As the war enters its 458th day, we take a look at the main developments.
This is what happened on Friday, May 27, 2023.
struggle
- Ukraine said it shot down 10 missiles and more than 20 drones in nighttime attacks on the capital Kiev as well as the city of Dnipro and the country’s east. A total of 17 missiles and 31 drones were fired during the nighttime raid, the Ukrainian air force said.
- A Russian missile hit a clinic in the city of Dnipro, killing two people and wounding 23, the region’s governor said. Ukrainian President Volodymyr Zelenskyy described the attack as a crime against humanity.
- The Russian Defense Ministry said it carried out overnight raids on ammunition depots in Ukraine, Ria Novosti reported.
- Five districts in Russia’s Belgorod region have been hit by drones, artillery and mortars in the past 24 hours, regional governor Vyacheslav Gladkov said, and the village of Kozinka was hit 132 times, adding that Belgorod The city of Rhodes was attacked 14 times.
- Two drones damaged a residential and office building in the southern Russian city of Krasnodar, east of Crimea, officials said.
- At least 483 children have been killed and nearly 1,000 injured since Russia’s all-out invasion last year, Ukraine’s Prosecutor General’s Office said. Nearly 1,500 Ukrainian children have been orphaned, according to Ukraine’s State Ministry of Social Services.
- UNICEF says an estimated 1.5 million Ukrainian children are at risk of depression, anxiety, PTSD and other mental health problems, with potentially lasting effects.

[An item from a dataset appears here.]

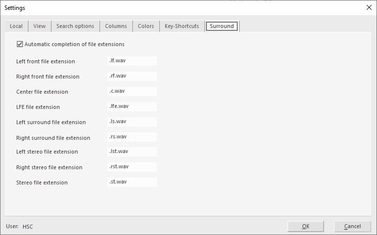 Automatic completion of file extensions: relevant for the "Import MCA file" function. If activated the here listed file names will be automatically assigned to the corresponding channels when creating a surround file. This means, when loading one file in a directory via the "Import MCA File" function, the other browsing fields will be completed according to these settings.

- Russia’s foreign ministry summoned top US diplomats over comments by White House national security adviser Jake Sullivan, accusing him of “effectively supporting the strike on Crimea”. On Sunday, Sullivan was asked whether Ukraine should have weapons capable of hitting Russian targets in Crimea. He replied: “We have not restricted Ukraine’s ability to strike on its territory within its internationally recognized borders.”
arms
- The European Union condemns the deal that allows Russia to deploy nuclear warheads in Belarus. “This move would lead to a further and extremely dangerous escalation,” EU foreign policy chief Josep Borrell said.
- The German military has ordered 18 new Leopard 2 tanks to replace vehicles shipped to Ukraine earlier this year.
- Germany will transfer a Patriot missile defense system based in Slovakia to Lithuania to protect a NATO summit scheduled for July in Vilnius, the defense ministry said.
- Dutch Prime Minister Mark Rutte said the Netherlands was “seriously considering” sending F-16 fighter jets to Ukraine but had not yet made a final decision.

diplomatic
- Republican U.S. Senator Lindsey Graham said the U.S. would send a signal to China that it might invade Taiwan if it did not adequately back Ukraine against Russia. “There’s no going back from helping Ukraine because if we fail here, Taiwan will be finished,” Graham told reporters.
- In coordination with other G7 members and sanctions related to the Ukraine invasion, Japan will freeze the assets of 78 groups and 17 individuals, including military officers in Russia, and ban exports to 80 Russian entities, such as military affiliates Institutional research laboratories.
- Russia said it viewed Pope Francis’ Ukraine peace initiative positively, while stressing that the Vatican had no immediate plans to visit Moscow.
- Former U.K. prime minister Boris Johnson and former U.S. President Donald Trump discussed Ukraine and the “importance of a Ukrainian victory,” Johnson’s spokesman said.
- Russian Foreign Minister Lavrov thanked China for its “balanced stance” and willingness to play an active role in the Ukraine conflict.
- Brazilian President Luiz Inácio Lula da Silva said he had spoken to Russian President Vladimir Putin and reiterated Brazil’s willingness to talk to both sides of the conflict. Lula also thanked Putin for inviting him to an international economic forum in St. Petersburg, which he was unable to attend.
politics
- Former Russian president and prime minister Dmitry Medvedev warned that the West had underestimated the risk of nuclear war and said peace talks were “impossible” as long as Zelensky remained in power. “The Anglo-Saxons didn’t fully realize this and believed it wouldn’t go this far,” he said. “It will under certain conditions.”
- Jailed Wall Street Journal reporter Evan Gershkovich has appealed a Russian court’s decision to extend pretrial detention by three months, court data show. Gershkovich was arrested in March on espionage charges after Russian security services accused him of gathering military secrets.
assistance
- A deal to allow safe wartime exports of grain and fertilizer from Ukraine’s Black Sea ports has not yet fully resumed functioning and was halted ahead of Russia’s decision last week to extend it, the United Nations said.